Russia, with Chinese support, has shielded President Bashar al-Assad against the efforts of Western and some Arab nations to press for a settlement that would remove the Syrian leader from office as part of a transition.

The nature of the weapons system that brought down the Turkish plane has not been clearly established. A senior Syrian official said it was a type of machine gun.

Less than two weeks ago, by apparent coincidence, Russia's main arms exporter said it was supplying Syria with defensive missile systems that could bring down airplanes or sink ships.

"I would like to say these mechanisms are really a good means of defense, a reliable defense against attacks from the air or sea,'' Anatoly P. Isaykin, the general director of the company, Rosoboronexport, said Friday in an interview. ''This is not a threat, but whoever is planning an attack should think about this.''

On Monday, Jihad Makdissi, the Syrian Foreign Ministry spokesman, said the wreckage of the plane "shows holes in the tail-end of the plane which confirm that it was shot down by a ground-based machine gun, not missiles."

"Had the aircraft been over territorial waters, we would have used missiles, not a land-based antiaircraft machine gun with a maximum range of 2.5 kilometers," he said. "All of this confirms the falsity of the allegations that the aircraft was shot down outside Syrian territorial waters."

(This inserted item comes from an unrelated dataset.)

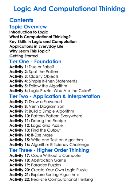 Logic And Computational Thinking Worksheet Activity Booklet

In an unsually detailed account on the SANA Web site, Mr. Makdissi said coastal anti-aircraft artillery stationed on Syrian beaches opened fire on the Turkish jet as it sped toward the Syrian coast at a speed of some 500 miles per hour. The airplane was barely above the Meditarrean Sea at an altitude of around 300 feet, Mr. Makdissi said, after dipping below the radar "only to appear suddenly at an altitude of 100 meters, one to two kilometers from the beach and Syrian land, and became suddenly visible to the naked eye."

After it was hit, the plane veered to the left and crashed, he said.

Sebnem Arsu reported from Istanbul, Alan Cowell from London and Paul Geitner from Brussels.